The median of the delivered liquid amounts is 50.00 mL for Metopic, 55.00 mL for Sagittal, and 45.00 mL for Coronal. There was no statistical difference between age, weight, ASA score, the duration of surgery, the duration of general anesthesia, the amount of fluids given, the duration of intensive care, and hospital stay between all groups (p > 0.05). During the Intra-op period, the median is 50 mL in each group (range 40–60 mL). In the Post-op period, the median values are 22.5 mL (range 0–51.25 mL) for Metopic, 30 mL (range 0–50 mL) for Sagittal, and 30 mL (range 0–40 mL) for Coronal. The total transfusion amounts for the first 24th hour were measured as median values of 75 mL for Metopic and Coronal and 80 mL for Sagittal.

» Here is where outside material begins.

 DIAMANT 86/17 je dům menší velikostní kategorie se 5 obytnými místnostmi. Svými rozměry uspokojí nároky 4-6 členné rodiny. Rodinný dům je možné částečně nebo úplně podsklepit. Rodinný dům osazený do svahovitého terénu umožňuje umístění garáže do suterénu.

There was no statistically significant difference between the groups according to Intra-op, Post-op, and total first 24th-hour Transfusion PRBC amounts (p > 0.05).

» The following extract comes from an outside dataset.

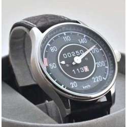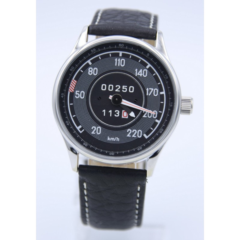 Avec fonds de compteur de vitesse de MERCEDES 250 SL. Bracelet en cuir noir avec coutures blanche. Mécanisme à quartz CITIZEN. L'indicateur de vitesses est utilisé comme aiguille des minutes. Une discrète aiguille noir et blanche indique les heures. Chiffres fluorescents. Étanche à 10m. Vissé par le bas. Livré dans un box en cuir. Diamètre du cadran: 40.

In our study, Post-Transfusion evaluation was performed between the Metopic, Sagittal, and Coronal groups. Within the group, the Post-Transfusion 1st-hour ERCM/Pre-Transfusion ERCM and Post-Transfusion 24th-hour Hourly ERCM/Pre-Transfusion ERCM ratios were evaluated (Table 3). The Post-Transfusion 1st-hour ERCM/Pre-Transfusion ERCM Ratios were found to have median values of 90.70(%) (93.6 ± 14.1) in the Metopic group, 91.61(%) (93.96 ± 14.84) in the Sagittal group, and 93.09(%) (97.28 ± 18.1) in the Coronal group.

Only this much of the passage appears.